→ **Data records**:
○ ○ ○ ○ ○ ○ ○
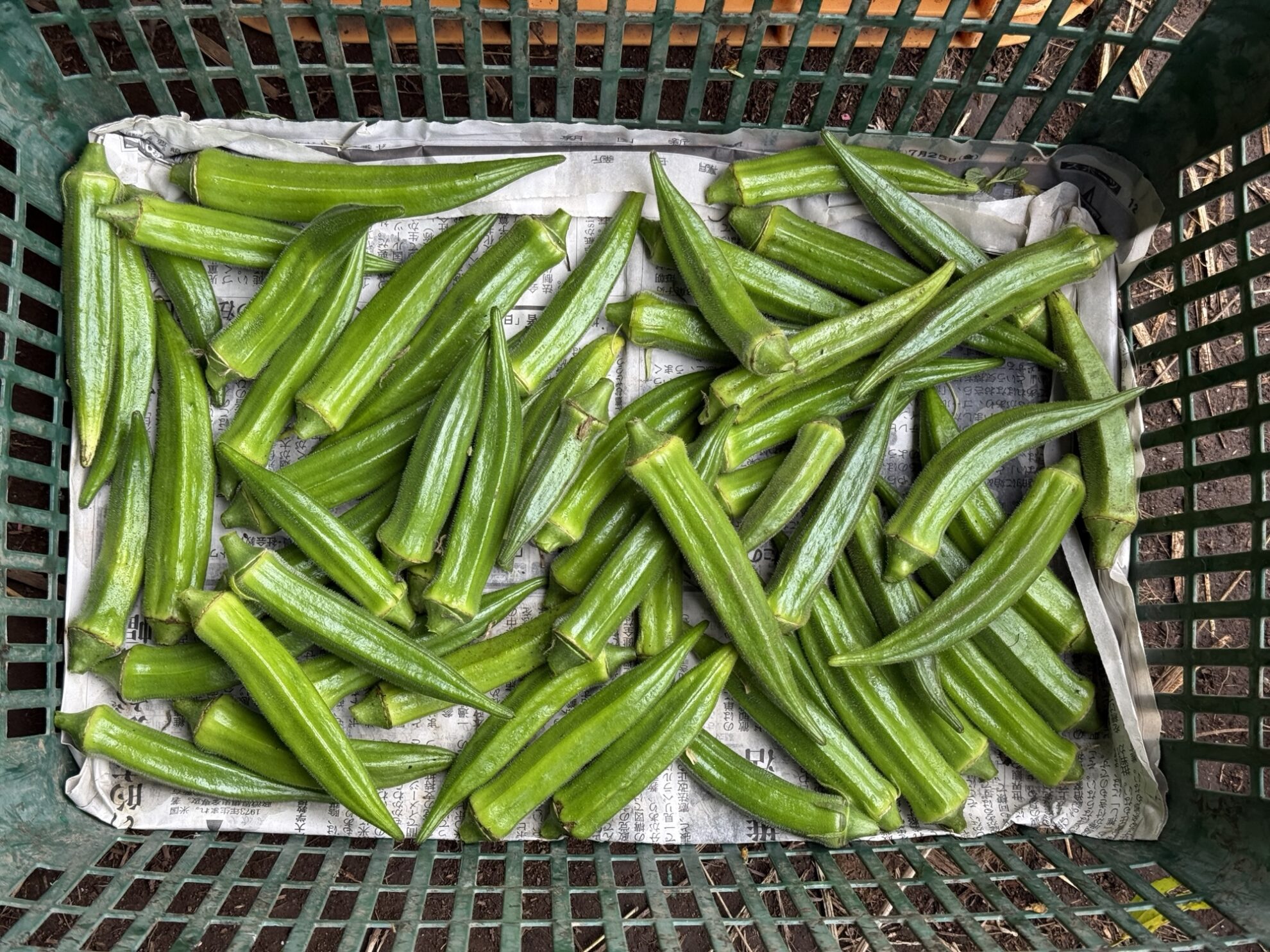 斉藤さんの上の畑で、ツルムラサキ、モロヘイヤ、オクラの収穫作業。
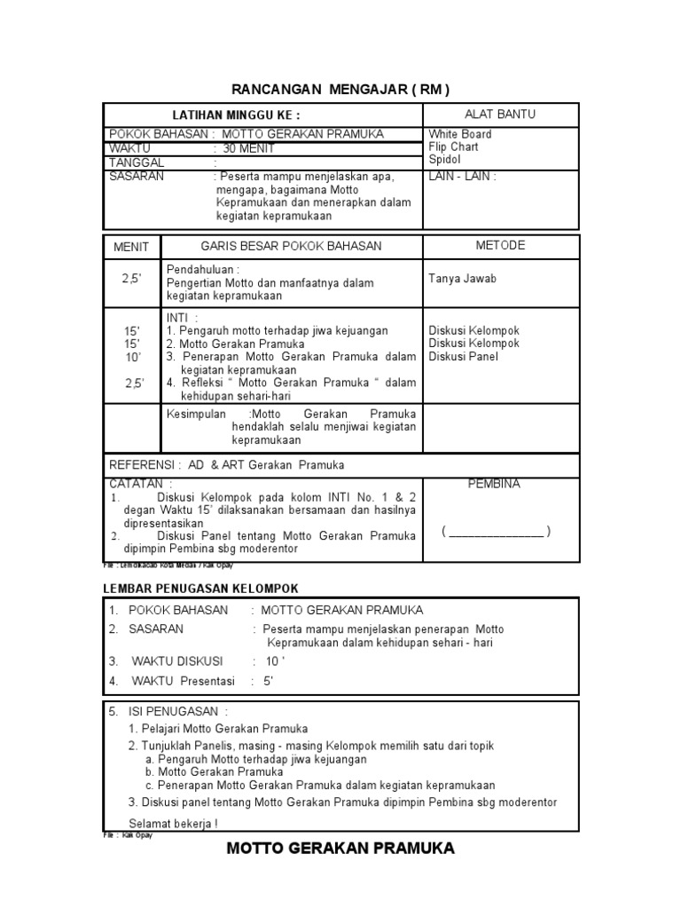 Rencangan Mengajar Motto Gp & Outdoor Scouting Games
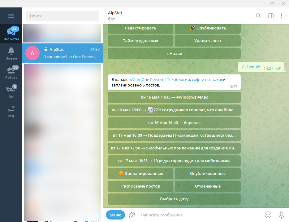 Со временем я нашёл в боте несколько других полезных (конкретно для меня) фишек. Например, отчёты клиенту о публикациях или закрепление постов на время.
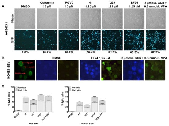 Similar results were found for EBV lytic reactivation as visualized by fluorescence microscopy. Representative images of lytic induction by several curcuminoids in cell lines with recombinant EBV genomes are shown in Figure 3. In agreement with other studies [29,30,31], we found approximately 1–5% of untreated recombinant AGS-BX1 and HONE1-EBV cells to show spontaneous lytic reactivation (Figure 3A,B). To analyze the percentage of cells entering the lytic phase, we counted the number of cells expressing weak and strong green-fluorescence intensity and classified them into two categories; i.e., low and high EBV lytic reactivation (Figure 3B), as shown before [6]. Among curcuminoids, EF24 induced EBV reactivation in AGS-BX1 cells at a comparable level to GCb+VPA (62–69%), whereas curcumin itself induced only 10% of AGS-BX1 cells into the lytic cycle (Figure 3A). Approximately 57% of HONE1-EBV cells exhibited GFP-expressing EBV lytic reactivation by EF24 treatment. The lytic induction by GCb+VPA treatment was less in HONE1-EBV (45%, Figure 3C; right panel) as compared to AGS-BX1 cells (62%; Figure 3C; left panel). This indicates that cell background influences the permissiveness to induce EBV lytic reactivation. In addition, a higher level of spontaneous lytic reactivation of AGS-BX1 indicates that recombinant EBV in GC cells is more susceptible to chemical lytic inducing agents than recombinant EBV in NPC cells [6,12,24,28].
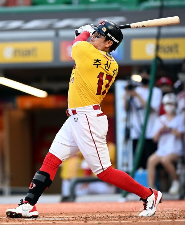 6일 인천 SSG 랜더스필드에서 ‘2022 신한은행 SOL KBO리그’ SSG 랜더스와 롯데 자이언츠의 경기가 열렸다. 3회말 2사에서 SSG 추신수가 솔로 홈런을 쏘아 올리고 있다.
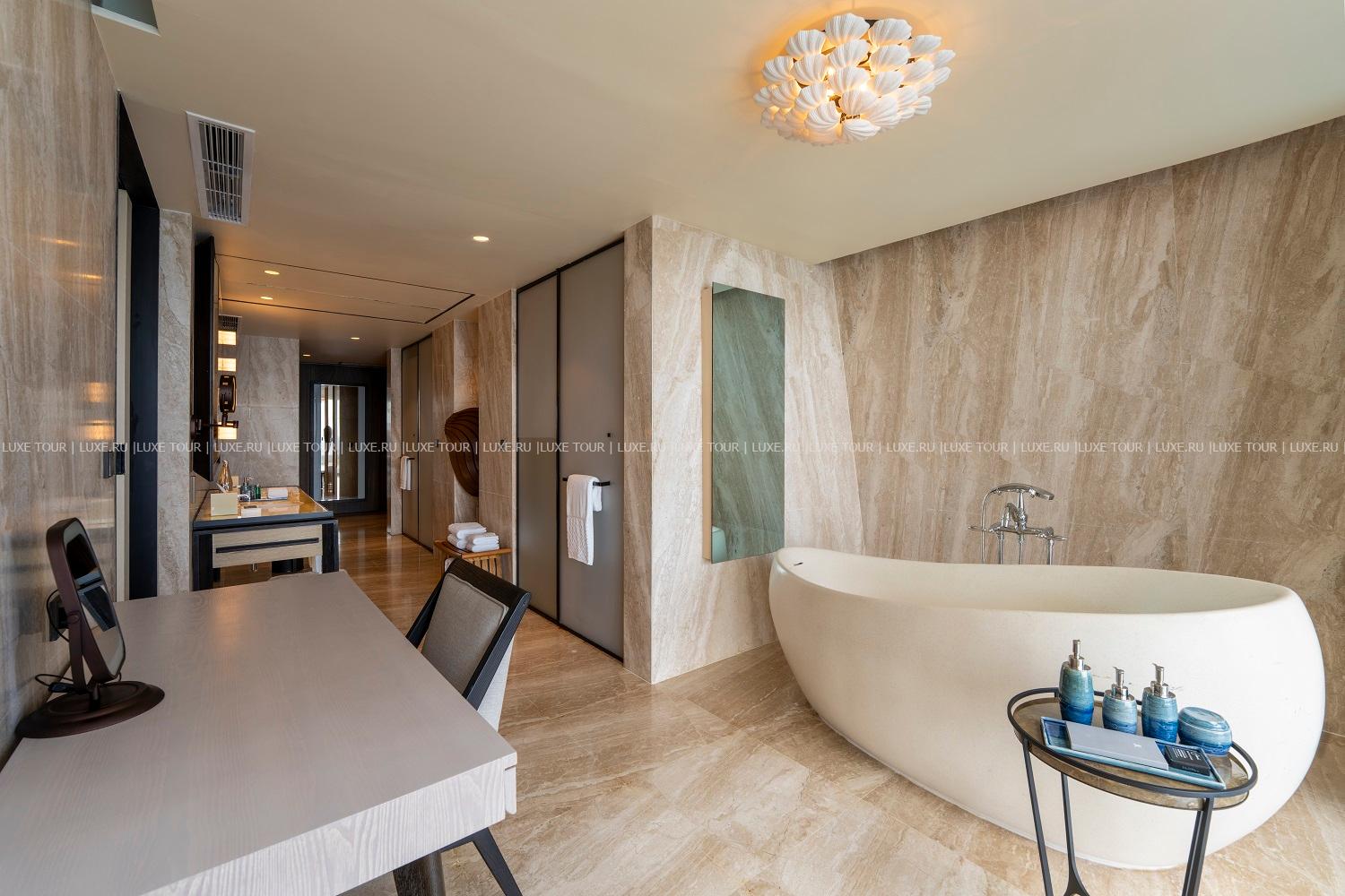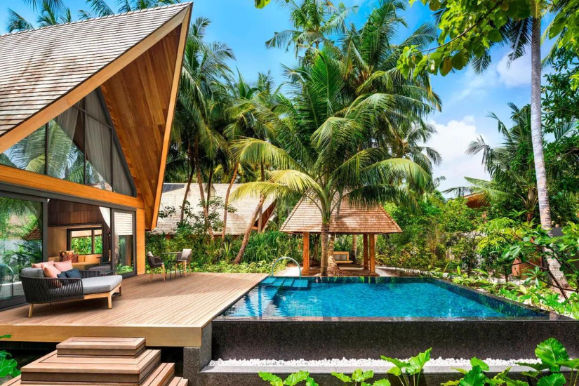 - 140 м2. Состоит из спальни с кроватью king-size и зоной отдыха с диваном, гардеробной, ванной комнаты открытого плана с ванной и душем, душа на открытом воздухе, террасы с бассейном (15 м2), зоной отдыха, шезлонгами, выходом к пляжу и видом на сад и океан. Виллы расположены в саду у пляжа. Максимальное размещение – 2 взрослых + 1 ребенок
○ ○ ○ ○ ○ ○ ○
→ **Exercise brief**:
Reproduce the entries exactly. Do not carry over any picture.

→ **Response**:
 斉藤さんの上の畑で、ツルムラサキ、モロヘイヤ、オクラの収穫作業。
 Rencangan Mengajar Motto Gp & Outdoor Scouting Games
 Со временем я нашёл в боте несколько других полезных (конкретно для меня) фишек. Например, отчёты клиенту о публикациях или закрепление постов на время.
 Similar results were found for EBV lytic reactivation as visualized by fluorescence microscopy. Representative images of lytic induction by several curcuminoids in cell lines with recombinant EBV genomes are shown in Figure 3. In agreement with other studies [29,30,31], we found approximately 1–5% of untreated recombinant AGS-BX1 and HONE1-EBV cells to show spontaneous lytic reactivation (Figure 3A,B). To analyze the percentage of cells entering the lytic phase, we counted the number of cells expressing weak and strong green-fluorescence intensity and classified them into two categories; i.e., low and high EBV lytic reactivation (Figure 3B), as shown before [6]. Among curcuminoids, EF24 induced EBV reactivation in AGS-BX1 cells at a comparable level to GCb+VPA (62–69%), whereas curcumin itself induced only 10% of AGS-BX1 cells into the lytic cycle (Figure 3A). Approximately 57% of HONE1-EBV cells exhibited GFP-expressing EBV lytic reactivation by EF24 treatment. The lytic induction by GCb+VPA treatment was less in HONE1-EBV (45%, Figure 3C; right panel) as compared to AGS-BX1 cells (62%; Figure 3C; left panel). This indicates that cell background influences the permissiveness to induce EBV lytic reactivation. In addition, a higher level of spontaneous lytic reactivation of AGS-BX1 indicates that recombinant EBV in GC cells is more susceptible to chemical lytic inducing agents than recombinant EBV in NPC cells [6,12,24,28].
 6일 인천 SSG 랜더스필드에서 ‘2022 신한은행 SOL KBO리그’ SSG 랜더스와 롯데 자이언츠의 경기가 열렸다. 3회말 2사에서 SSG 추신수가 솔로 홈런을 쏘아 올리고 있다.
 - 140 м2. Состоит из спальни с кроватью king-size и зоной отдыха с диваном, гардеробной, ванной комнаты открытого плана с ванной и душем, душа на открытом воздухе, террасы с бассейном (15 м2), зоной отдыха, шезлонгами, выходом к пляжу и видом на сад и океан. Виллы расположены в саду у пляжа. Максимальное размещение – 2 взрослых + 1 ребенок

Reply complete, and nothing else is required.